February Garden Checklist
February marks the final full month of meteorological winter. As days slowly grow longer, spells of unseasonably warm weather may fool people as well as plants into venturing out too soon. Winter still reigns in February, making it a month for gardeners to respond to the season’s challenges, plan for the growing year ahead, and tend to indoor plants and seed starting.
Garden To-Do List
De-ice with caution
If necessary, continue to use de-icing products on walkways and driveways. Because de-icing products may cause landscape and environmental problems, consider broadcasting sand on slippery surfaces. Be careful not to use too much sand, however, because it may clog catch basins and storm drains.
- Follow label directions when using de-icing products.
- Shovel snow before using de-icing products.
- When clearing driveways or shoveling walks, distribute snow loads equitably around trees, shrubs, and garden beds. Try to avoid piling treated snow on trees and shrubs.
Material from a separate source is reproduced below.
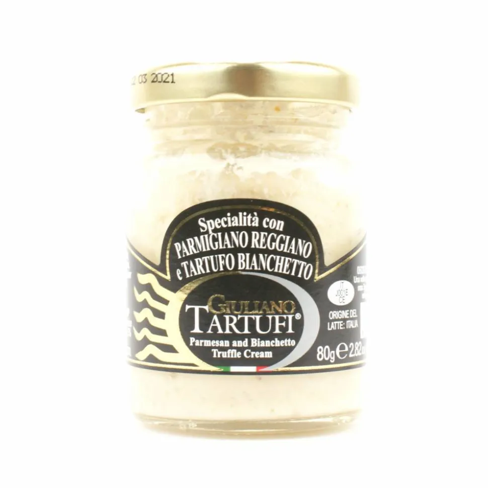 Een prachtige truffelcrème met parmazaanse kaas en 3% bianchetto. Deze truffel, ook wel bekend als de maarttruffel vanwege zijn piek in maart, is klein van formaat maar heeft een intense geur en smaak die vergelijkbaar is met andere truffelsoorten.

- Find additional information on handling icy walkways and driveways
Continue to peruse seed, bulb, and nursery catalogs to help you plan your garden for the upcoming year. Another great source are the plant sales sponsored by local garden clubs, as well as sales held throughout the year at the Garden.
Avoid excessive walking on the lawn in winter. This can compress the soil and may damage grass that emerges in spring.
Tree and Shrub Care
Indoor Plant Care
Late February is a great month to …
Force indoor blooms from branches
With spring still a month away, why not create a spring preview indoors? Branches of select trees and shrubs with flowers or interesting foliage can be forced into bloom, providing they have had at least a six-week cold period. Good choices for forcing in late February and early March include apple and crabapple (Malus spp.), flowering cherry (Prunus), flowering quince (Chaenomeles), forsythia (Forsythia), magnolia (Magnolia), redbud (Cercis), serviceberry (Amelanchier), and spring-flowering witch hazel (Hamamelis vernalis).
Try to force blooms as close to the plant’s natural bloom time as possible.
Cut branches when the temperature is above freezing. Branches should be at least 1 foot long and full of fat flower buds.
Prune carefully, using proper pruning techniques. Cut off only those branches that are not essential to your plant’s basic shape. (After all, you still want a dazzling show outside.) Soak branches overnight in a bucket or bathtub filled with room-temperature water.
To help branches quickly absorb water, make crosscuts in the stem ends or smash woody ends with a hammer. Arrange them in a bucket or vase and keep them in a 60-degree Fahrenheit room out of direct sunlight. Change the water every other day.
When the buds color up or the foliage begins to unfurl, arrange the branches in a vase and display them in a cool room, still out of direct sunlight.